"Face Dances, Pt. 2" is single written and composed by Pete Townshend, most famously known as the guitarist for the Who. The song appears on Townshend's 1982 solo album All the Best Cowboys Have Chinese Eyes.

Background
Pete Townshend said that the song, in addition to the other songs on All the Best Cowboys Have Chinese Eyes, was about his personal experiences of alienation from both his wife and band members from the Who that he experienced during the early 1980s.

Although it shares a title with it, "Face Dances Pt. 2" was not released on Townshend's band The Who's album Face Dances.

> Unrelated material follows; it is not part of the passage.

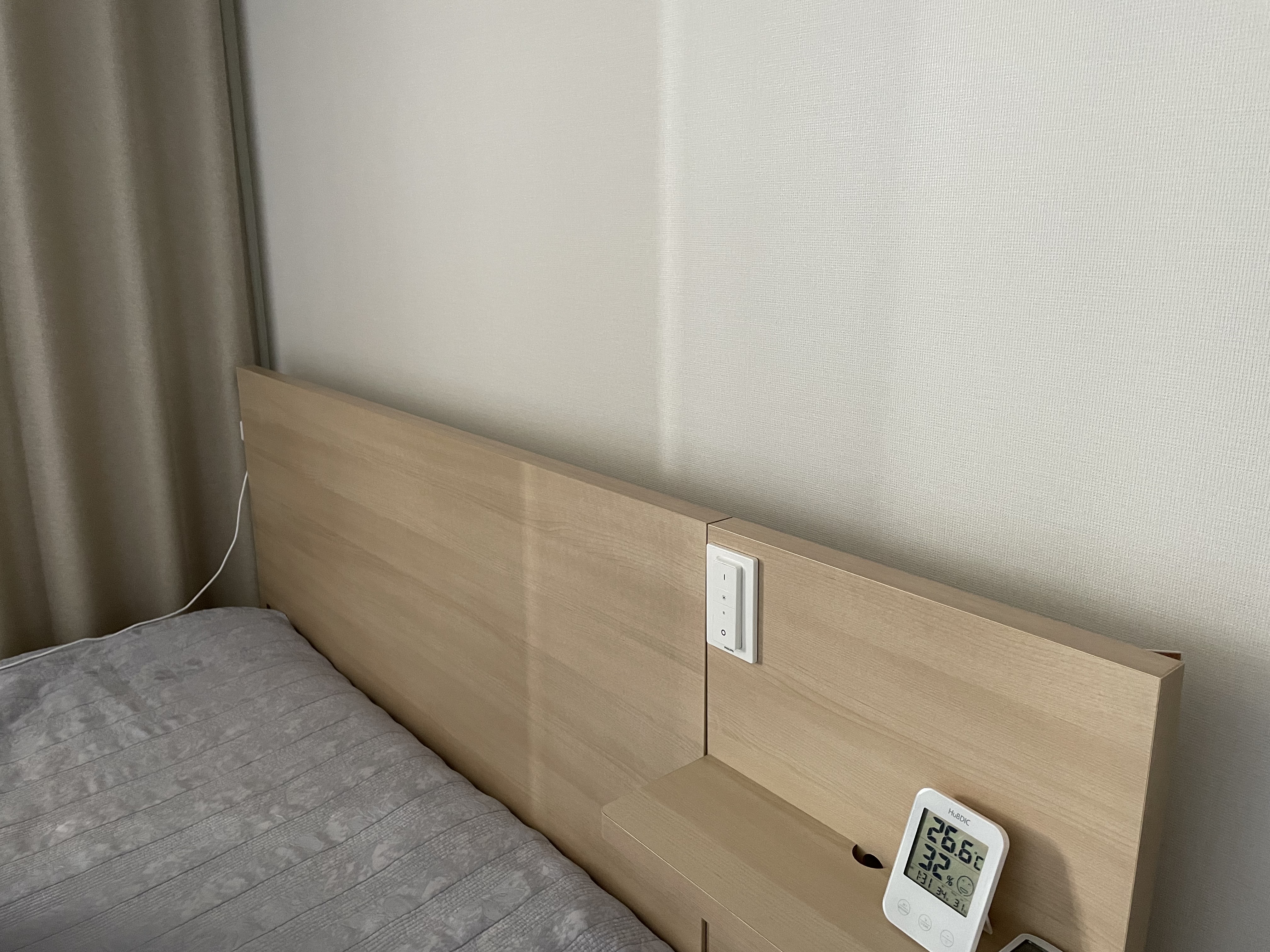 RGB 타입이기 때문에 다양한 색상 연출이 가능하나 아무래도 침실은 따뜻한 느낌의 전구색이 좋죠. 필립스휴 앱을 이용해 조명의 색상과 밝기를 자유자재로 조절할 수 있기 때문에 편안한 수면환경을 만들 수 있습니다. 추가로 필립스휴 전용 악세사리 디머스위치(dimmer switch)까지 협탁에 설치 하였습니다. 아무래도 조명 제어를 할 때 직관적은 스위치 타입이 편하기 때문입니다. 어두운 밤에 일어나서 스마트폰을 찾아 앱을 열고 조명을 켜긴 상당히 불편하기 때문이죠.

In the liner notes for Face Dances, it is claimed that the song was written after the release of the Who album, but authors Steve Grantley and Alan Parker claim in their book, The Who By Numbers: The Story Of The Who Through Their Music, that the song was cut from the album.

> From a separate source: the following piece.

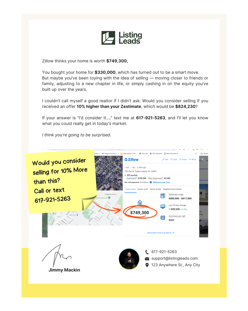 This is a campaign known as the ZMA letter. It’s a simple, but highly effective marketing campaign that helps you start a conversation with prospective sellers.Â

Billboard suggested that the "eccentric time shifts and circular melodic scheme" would reduce its appeal to pop music radio stations.

Music video

A companion video for All the Best Cowboys Have Chinese Eyes was also released, featuring "Face Dances, Pt. 2" as one of the concept videos. In some parts of the video, the covers for both the album and "Face Dances, Pt. 2" single sleeves are mimicked while Townshend lip-syncs to the song.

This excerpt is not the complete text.